Any other conversation about the lighthouse takes place en route to the nearest emergency room. Genesis amends the 9-11 call. With Torque clinging to the top of Fusion's racing car, Genesis on her motorcycle with Tendril riding double if necessary, the group races through the late evening streets. Few people are out, and traffic is minimal.

By the time the heroes arrive at the emergency room, Foreshadow is looking noticeably pale. His lips are blue. Emergency room personnel meet the heroes on the way in. The attending physician calmly issues various instructions. A police officer interviews the heroes, getting the story of what happened.

"Damn," Officer Stiles whispers. Then, to the heroes: "You four might be the only capes left in Freedom City. You be careful out there."

After the officer moves on to attend to other matters, the heroes are left more or less alone. Foreshadow has been wheeled away. The other people in the emergency room are obviously curious, but are more concerned with their own problems than the heroes.

The Highpoint Lighthouse stands several miles outside the city limits to the north. Decades ago, it was a fully functioning lighthouse. Today, it is part tourist attraction, part National Weather Service facility.


----------



## Thanee (Oct 16, 2007)

*Fusion*

_“I wish I could do more... hope they can save him. Guess it rests on our shoulders now to figure out what's going on here... and not get run over on the way. The Lighthouse then? We'll have to watch out for anyone who has strange skin or whatever he meant...”_

_“Oh, and I'm *Fusion*, by the way.”_


----------



## Insight (Oct 16, 2007)

Thanee said:
			
		

> _“I wish I could do more... hope they can save him. Guess it rests on our shoulders now to figure out what's going on here... and not get run over on the way. The Lighthouse then? We'll have to watch out for anyone who has strange skin or whatever he meant...”_
> 
> _“Oh, and I'm *Fusion*, by the way.”_




Torque looks the female driver up and down, then offers a hand to shake.  "Torque, master of friction... or something."


----------



## Shayuri (Oct 17, 2007)

"Alright," Genesis says, "Lets get some logistics out of the way here. How many people are going to the Lighthouse, and how are we getting there? We have a two-seater car that...turns into a girl...cool trick, by the way...and whatever I can whip up for transport I guess."

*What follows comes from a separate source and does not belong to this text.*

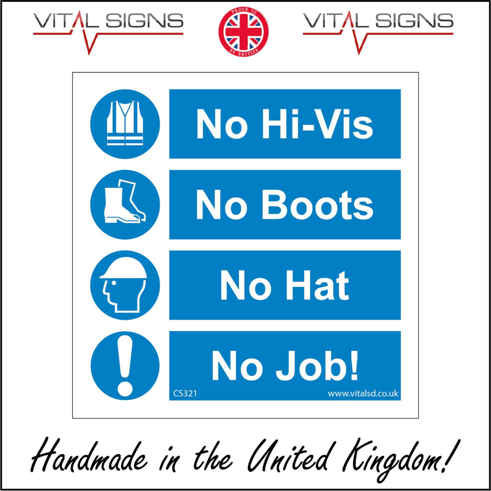 (200 x 200mm - 8 x 8, 1mm Pvc Foamex) CS321 No Hi-Vis No Boots No Hat No Job Sign Construction Hard Hat Head Gear Work 600mm x 600mm Magnetic - Vehicl

She pauses, then adds, "I'm Genesis. I make stuff. Pretty much any stuff. Hi."


----------



## Moon_Goddess (Oct 17, 2007)

"I'm Tendril, I um well, I'm part plant I guess. "   She extends a vine up finding purchase on whatever is nearby and sturdy and hangs from it as a demonstration.     "Thanks for the ride by the way."


----------



## Shayuri (Oct 18, 2007)

"No problem. Tendril...not bad. Planty, but not obviously trite."

The armored helmet turns to regard Torque and Fusion questioningly.


----------



## Moon_Goddess (Oct 18, 2007)

"Thanks, Didn't really make up the name, it's um on loan from a friend,   So, do we have a plan?  I'm new at all this."


----------



## Mark Chance (Oct 19, 2007)

The heroes at the hospital aren't the only capes out tonight. Responding to the recent troubles that have decimated Freedom City's established hero community, new heroes emerge. The criminal element of the city can only become emboldened by the current goings-on.

One of these emergent heroes, Rumble, lurks downtown. Few people are out tonight. The streets are nearly empty; the sidewalks bear only a handful of pedestrians. The air feels heavy and warm. A storm is coming. Dark thunderheads, lit sporadically from within by flashes of lightning, fill the sky. The impending downpour is likely to be a dramatic one.

But if it weren't for those flashes of lightning, Rumble would almost certainly have missed the silhouetted figures gliding overhead. They are visible only for a moment as they pass above the street and over the rooftops of the high-rise buildings nearby. Rumble's best guess is that there were three of them, looking very much like enormous kites, perhaps hang gliders.

Surely no one with honorable intentions would be hang gliding above downtown during the late evening before an impending heavy rain.


----------



## Jemal (Oct 19, 2007)

"Hmmf, there goes the neighbourhood, eh kiddies?"  Rumble dropped his cigar to the ground and stepped on it, blowing out his last puff of smoke "Here bad-guy, badguy, badguy.  Come to papa."   He chuckled to himself as he leapt into the air to follow them.  Good thing a little rain didn't bother him, he thought, activating his echolocation by sending tiny, imperceptible vibrations out in every direction and feeling what they struck against.

[sblock=ooc]
Rumble has flight 2 (25 mph) and the Echolocation super-sense, based off sensing vibrations in the air & ground.
[/sblock]


----------



## Mark Chance (Oct 20, 2007)

*Fusion, Genesis, Tendril, Torque*

[sblock=OOC]As we move to the next scene, every hero gets 1 Hero Point for going to meet with Foreshadow and for saving the hero's life.[/sblock]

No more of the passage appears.